__Requirement__.
The material below is to be copied exactly from the line with "TOUGH ENOUGH SERIES" up to and including the line with "すき焼き肩ロース、絶品の美味", with nothing else kept and no pictures.

__Provided material__.
━━━━━━━━━━
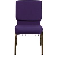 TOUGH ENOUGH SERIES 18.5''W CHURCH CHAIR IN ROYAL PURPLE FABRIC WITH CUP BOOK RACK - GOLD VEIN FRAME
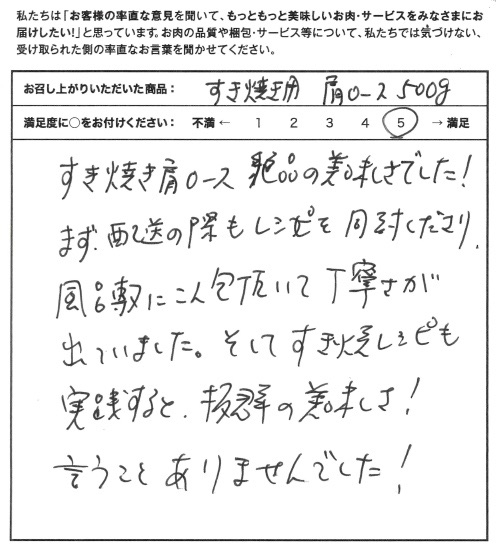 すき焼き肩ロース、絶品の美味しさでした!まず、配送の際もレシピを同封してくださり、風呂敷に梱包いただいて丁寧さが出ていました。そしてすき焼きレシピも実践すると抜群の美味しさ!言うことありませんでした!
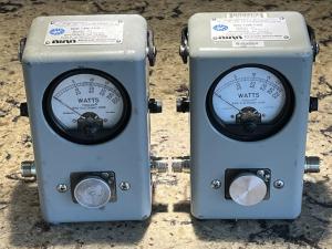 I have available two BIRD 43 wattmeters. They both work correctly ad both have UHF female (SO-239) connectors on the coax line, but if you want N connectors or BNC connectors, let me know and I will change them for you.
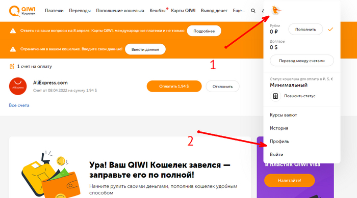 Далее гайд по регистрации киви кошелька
━━━━━━━━━━
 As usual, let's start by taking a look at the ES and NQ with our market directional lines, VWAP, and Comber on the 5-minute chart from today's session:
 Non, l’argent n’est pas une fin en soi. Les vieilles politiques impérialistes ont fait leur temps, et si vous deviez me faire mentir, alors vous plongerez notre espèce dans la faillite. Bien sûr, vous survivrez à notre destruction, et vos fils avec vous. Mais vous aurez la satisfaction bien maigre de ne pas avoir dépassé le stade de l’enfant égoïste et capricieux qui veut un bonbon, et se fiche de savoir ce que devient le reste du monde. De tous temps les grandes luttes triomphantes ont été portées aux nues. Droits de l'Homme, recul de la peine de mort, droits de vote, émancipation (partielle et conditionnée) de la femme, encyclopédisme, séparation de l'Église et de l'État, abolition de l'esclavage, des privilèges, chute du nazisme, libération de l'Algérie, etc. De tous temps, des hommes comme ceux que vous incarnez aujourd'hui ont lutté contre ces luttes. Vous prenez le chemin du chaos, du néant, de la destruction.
━━━━━━━━━━
__Solution to the exercise__.
 TOUGH ENOUGH SERIES 18.5''W CHURCH CHAIR IN ROYAL PURPLE FABRIC WITH CUP BOOK RACK - GOLD VEIN FRAME
 すき焼き肩ロース、絶品の美味しさでした!まず、配送の際もレシピを同封してくださり、風呂敷に梱包いただいて丁寧さが出ていました。そしてすき焼きレシピも実践すると抜群の美味しさ!言うことありませんでした!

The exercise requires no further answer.